# JCB MIDI CX what's with year 2008



## TonyH (May 18, 2011)

Looking at this Tractor. Everytime I see a used one ( not often enough) They are all manufactured in 2008. Was there a weak point, on the 2008 tractor that was fixed later on?


Very suspicious... From overseas to America... If there is one for Sale, it's a 2008.

Untitled Page

Current Inventory/Pre-Owned Inventory from JCB, Inc.


----------



## farmertim (Dec 1, 2010)

Hi, Tony,
Try this, JCB MIDI CX, Used JCB MIDI CX, JCB MIDI CX For Sale At MachineryTrader.com - Page 1

there is some 08 stuff but in my opinion companies get rid of 3 year old stuff because that is when things start to fall off and warranty is over,
Cheers
:aussie:


----------



## Hoodoo Valley (Nov 14, 2006)

Second that.

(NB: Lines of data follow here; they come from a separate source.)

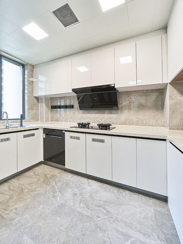 柜子颜色采用传统纯白色系搭配木纹让整体空间更加温暖
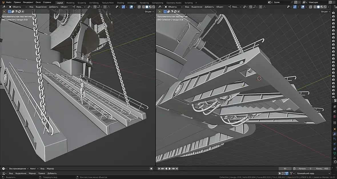 Текущий проект это по сути разработка некоторых механизмов, работающих хотя бы условно. По этому анимация условно делается, дабы проверить работоспособность. Вчера решил перед сном ткнуть на рендер.
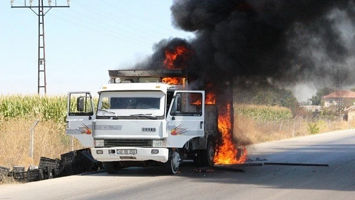 Plastik kasa yüklü kamyonet seyir halindeyken alev alev yandı
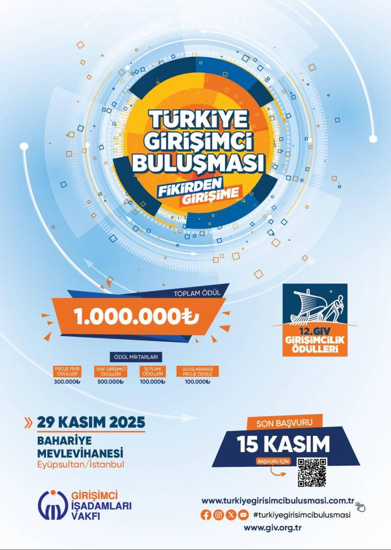 “12. GİV Girişimcilik Ödülleri” programı ise 29 Kasım (2025 ) akşamında saat: 18.00’de sahiplerini bulacak. Proje-Fikir Ödülleri, İş Planı Ödülleri, GİV Özel Ödülü, Kurumsal Girişimcilik Ödülü, Yeni Girişimcilik Ödülü, Üniversite Girişimcilik Ödülü, Kamu Yöneticisi Ödülü, Girişimci Akademisyen Ödülü, Uluslararası Proje Ödülü, Dijital Ekonomi Ödülü ve Basın Yayın Medya Ödülü olmak üzere toplam 11 kategoride 14 ödül verilecek. Toplam ödül miktarı 1.000.000 TL olacak.
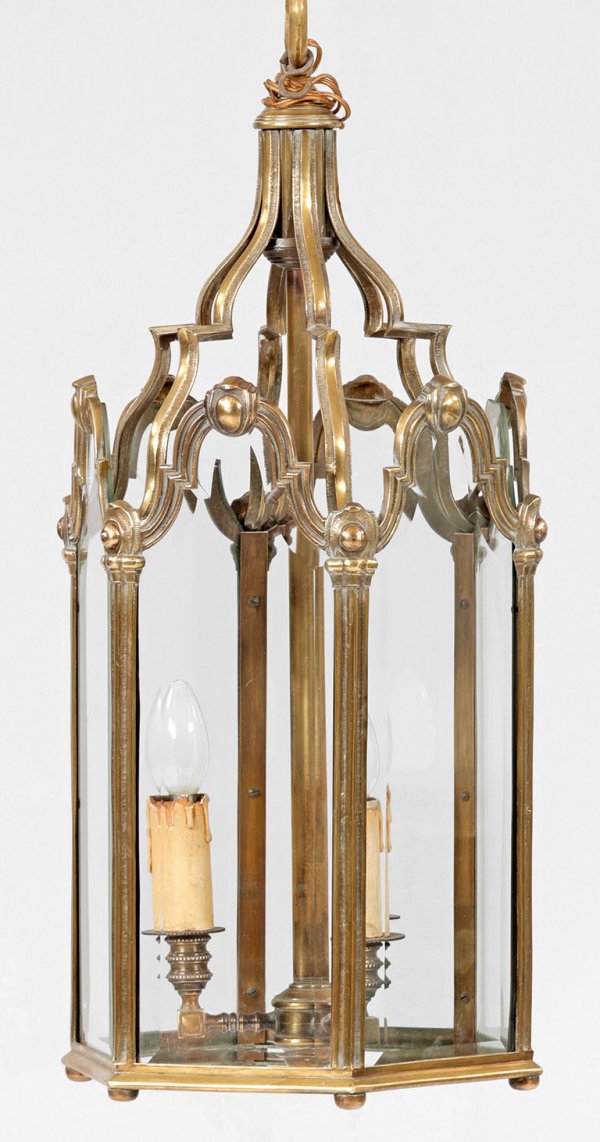 Deckenampel 3-flg.; Bronze und farbloses, facettiertes Glas. Hexagonaler Korpus auf profilierten Streben mit geschweift ansteigenden Volutenmotiven sowie hoch aufgeworfener oberer Abschluss aus korrespondierenden Stegen. In der Mitte schlanker Schaft als Träger für Leuchtmittel. Elektrifiziert. H. 71 cm. D. 28 cm.
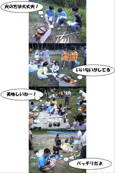 久しぶりの野外炊事に みんなは戸惑いと出来上がる楽しみとが
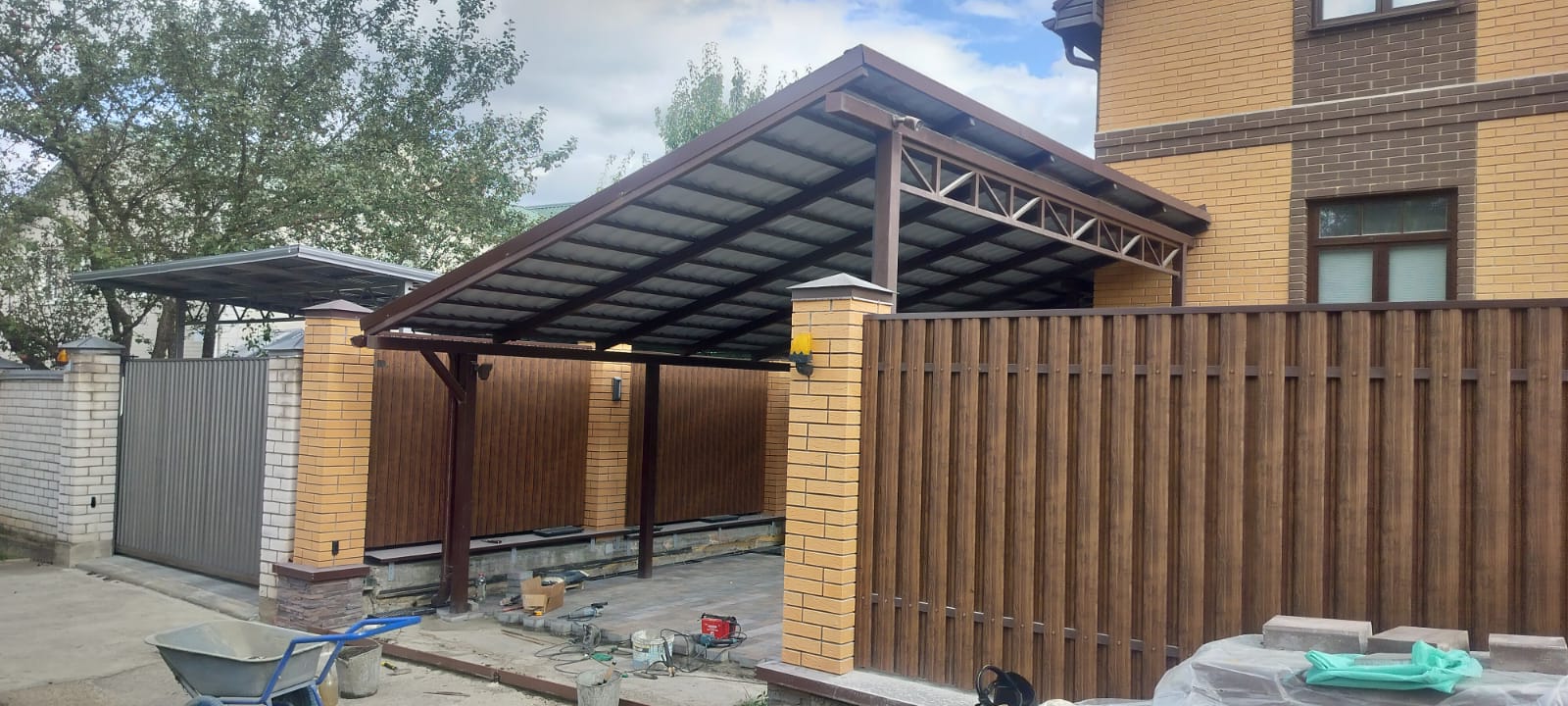 Если Вас интересуют навесы для автомобилей цена с установкой, внимательно ознакомьтесь с представленным у нас ассортиментом. Мы изготавливаем строения разных видов, конструкций и размеров. Строительство навеса для авто под ключ портфолио тоже можно посмотреть на нашем портале. Приобрести понравившуюся конструкцию, или заказать навесы по собственному проекту, можно в Москве и области, а также в Одинцово. Так как на автонавесы цены в Одинцово и цены на навесы для авто в Москве у нас одинаковые, приобретайте понравившиеся конструкции там, где Вам удобнее.

Usually after X amount of hours too, which equates to around 3 years, a company will dump a machine preferring a machine payment over getting into down time with higher hour units. JCB makes a great machine.


----------



## TonyH (May 18, 2011)

That makes sense. 
I will be using this as a home tractor.. so I'm hoping to buy 'overkill' and never have to buy again. I figure the hours I put on in my lifetime is probably equivalent to what a Company would put on a machine working 40 hours a week for a full year. 
One purchase and then just maintain the Fluids and rubber parts. I hope


----------